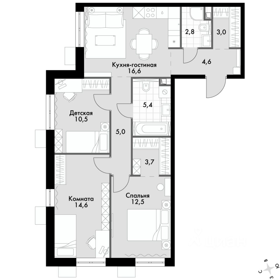 - Угловая планировка - больше пространства для ваших идей.
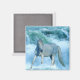 Ce magnifique Cheval blanc se fraye un chemin à travers le surf qui s'écrase sur une plage isolée. Les vagues se déversent dans la baie et cette magnifique créature jouit des eaux qui l'arrivent, imaginant peut-être qu'il fait partie de cette vaste étendue d'eau qu'ils appellent la Mer. Une image artistique puissante créée à partir de la photographie par l'artiste. Parfait pour les amateurs de chevaux partout. 25% des pourcentages de chaque aimant vendu, est donné aux grands gens du Knick o' Time Horse Secourt Group aux États-Unis.
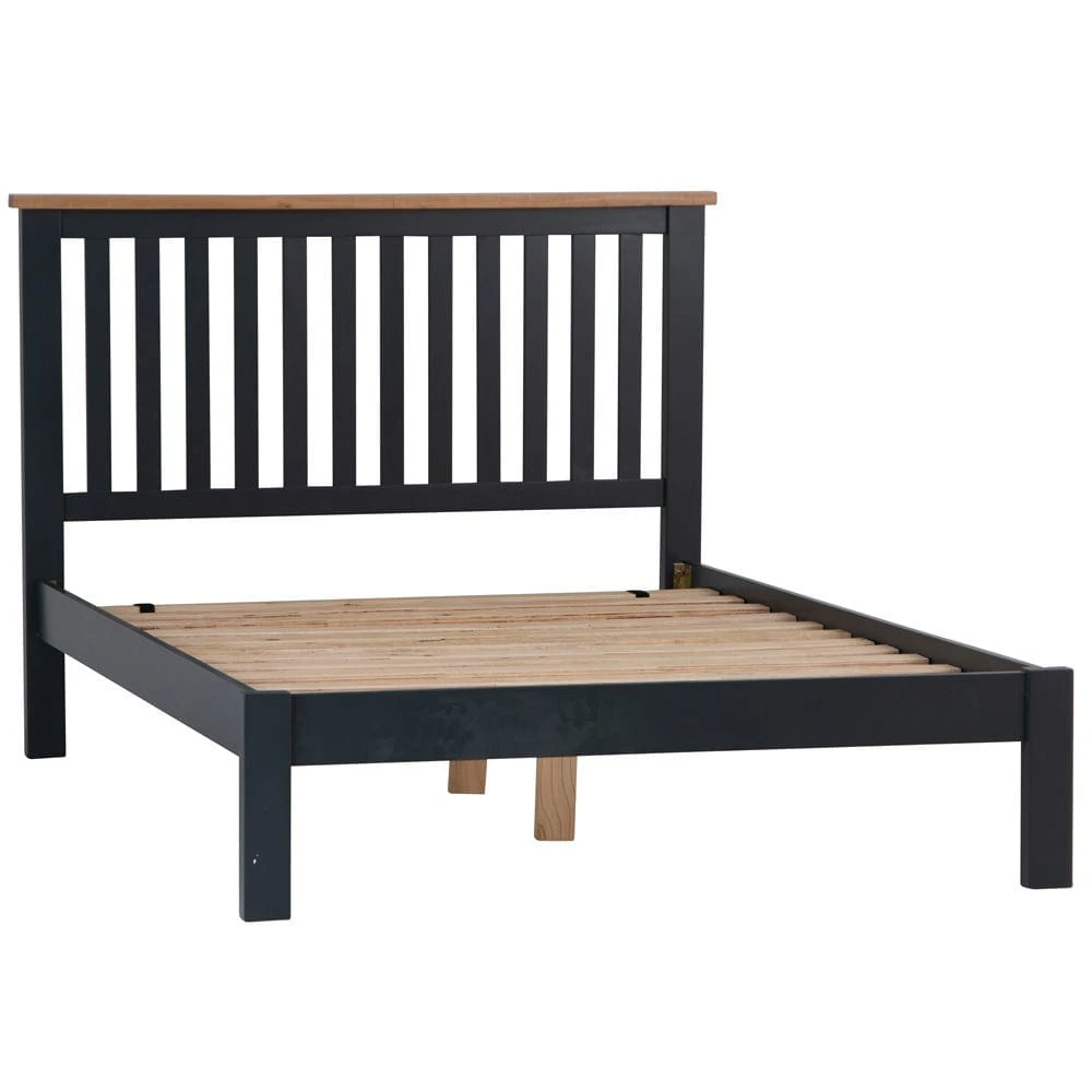 Our elegant midnight blue finish is suitably snooze-inducing, and the natural oak top gives this bed frame a traditional finish. Its generous 166cm width means you’ll slumber with ease even on hot summer nights.
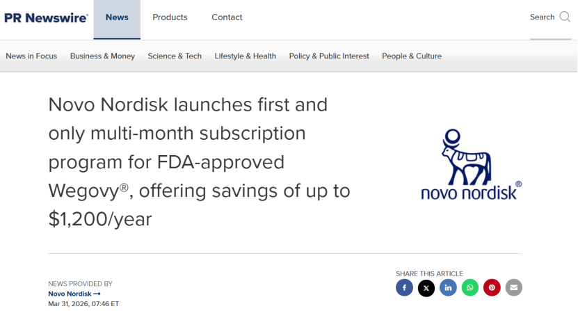 耐人寻味的是,礼来的Foundayo原定于4月10日正式获批上市,而诺和诺德选择在3月31日率先推出Wegovy的订阅服务,显然是有意抢在竞争对手登陆市场之前,通过价格锁定和用药便利性,提前“圈住”一批自费用户。
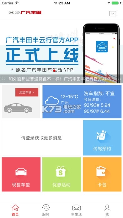 登登登,广汽丰田官方 APP——丰云行,丰起云动,与“礼”同行!新伙伴有欢迎礼,老朋友抽奖有惊喜......广汽丰田官方 APP 车生活华丽升级为丰云行,更多好礼,更贴心的服务,等你来体验。
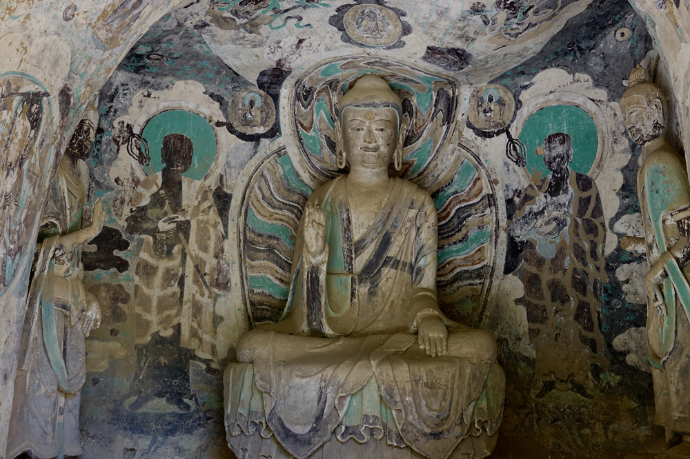 佛像左上方為169窟,169窟為一天然大洞穴,是現(xiàn)存最重要石窟,窟內(nèi)存西秦時的造像和壁畫。李仁奇 攝
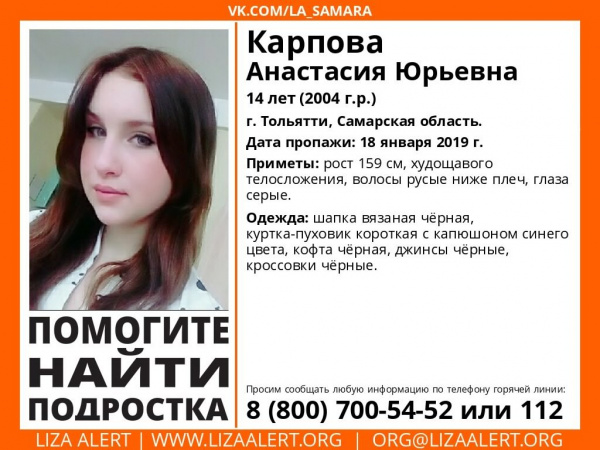 Сегодня, 25 января, добровольческий поисково-спасательный отряд "Лиза Алерт" сообщил о пропавшей в регионе девочке. 14-летнюю Анастасию К. из Тольятти разыскивают уже неделю. Она не выходит на связь с родными с пятницы, 18 января
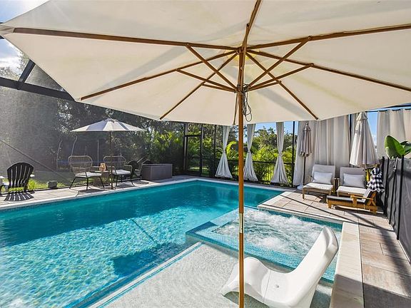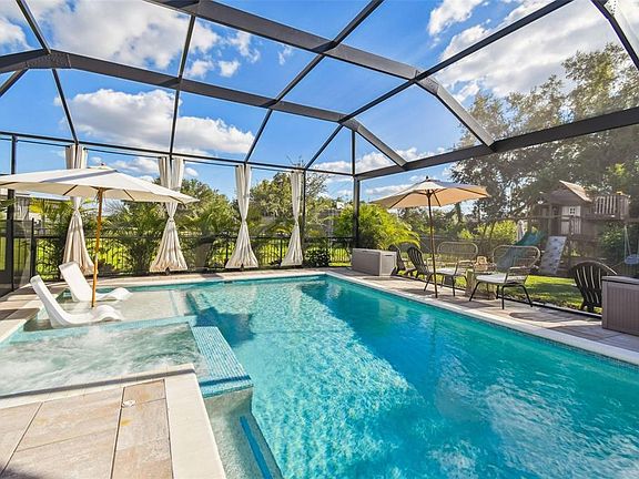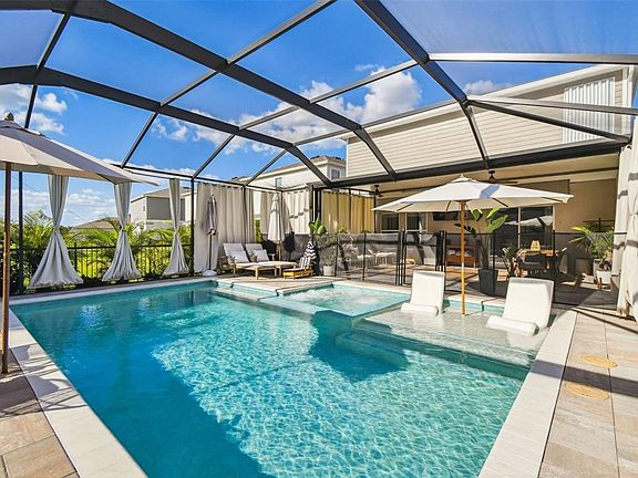Stunning 2023 Move in Ready Home with Custom Pool & Spa in Desirable Waterset Community. Welcome to your private oasis in the heart of Waterset, one of Apollo Beach’s most sought-after master-planned communities. This new home, completed in 2023, boasts a thoughtfully designed layout and a host of luxury upgrades—including a custom-built heated pool, spa, and sun shelf, perfect for year-round enjoyment. Fully automated Pentair Pool System with touchscreen display for easy control of heating & cooling, features, lights, etc. Situated on an oversized, fully fenced lot backing up to a tranquil, tree-lined creek, this home offers privacy and serenity with no backyard neighbors. Step outside to enjoy a spacious screened-in lanai and covered patio, seamlessly extending your living space to the outdoors—ideal for entertaining or relaxing in your own resort-style retreat. Designed for the Florida lifestyle, this open-concept home features luxury vinyl plank flooring throughout the main living areas for durability and easy maintenance. The chef’s kitchen includes solid surface countertops, a large center island, light grey cabinetry, white quartz countertops, and brand-new GE stainless steel appliances, including a refrigerator and washer/dryer. A large walk-in pantry completes the space. Downstairs offers a private guest suite with a full bathroom, while upstairs, you’ll find a spacious loft area—perfect as a second living room, home office, or playroom. The laundry room is conveniently located upstairs and includes a brand-new washer and dryer. The expansive primary suite features a huge walk-in closet and a luxurious en-suite bathroom with a double vanity and oversized walk-in shower. Three additional bedrooms and a full bathroom provide plenty of space for family and guests. Additional highlights include: Covered front porch/lanai, Two-car garage, Large fenced in grassy yard, Direct access to a peaceful creek,and a Screened-in outdoor living area with heated pool and spa. This amazing community is known for its resort-style amenities, multiple pools, splashpad, fitness centers, tennis courts, playgrounds, dog parks, walking trails, lakes, and community concerts/events. You’ll also enjoy easy access to boating, top-rated schools, restauraunts, grocery stores, and more. Don’t miss this opportunity to own a move-in ready pool home in one of Tampa Bay’s most vibrant communities!

#### WORK INSTRUCTION
Look above for the line with "Our elegant midnight" and copy exactly from it through the line with "Сегодня, 25 января, добровольческий", both included. Omit the pictures.

#### ANSWER
 Our elegant midnight blue finish is suitably snooze-inducing, and the natural oak top gives this bed frame a traditional finish. Its generous 166cm width means you’ll slumber with ease even on hot summer nights.
 耐人寻味的是,礼来的Foundayo原定于4月10日正式获批上市,而诺和诺德选择在3月31日率先推出Wegovy的订阅服务,显然是有意抢在竞争对手登陆市场之前,通过价格锁定和用药便利性,提前“圈住”一批自费用户。
 登登登,广汽丰田官方 APP——丰云行,丰起云动,与“礼”同行!新伙伴有欢迎礼,老朋友抽奖有惊喜......广汽丰田官方 APP 车生活华丽升级为丰云行,更多好礼,更贴心的服务,等你来体验。
 佛像左上方為169窟,169窟為一天然大洞穴,是現(xiàn)存最重要石窟,窟內(nèi)存西秦時的造像和壁畫。李仁奇 攝
 Сегодня, 25 января, добровольческий поисково-спасательный отряд "Лиза Алерт" сообщил о пропавшей в регионе девочке. 14-летнюю Анастасию К. из Тольятти разыскивают уже неделю. Она не выходит на связь с родными с пятницы, 18 января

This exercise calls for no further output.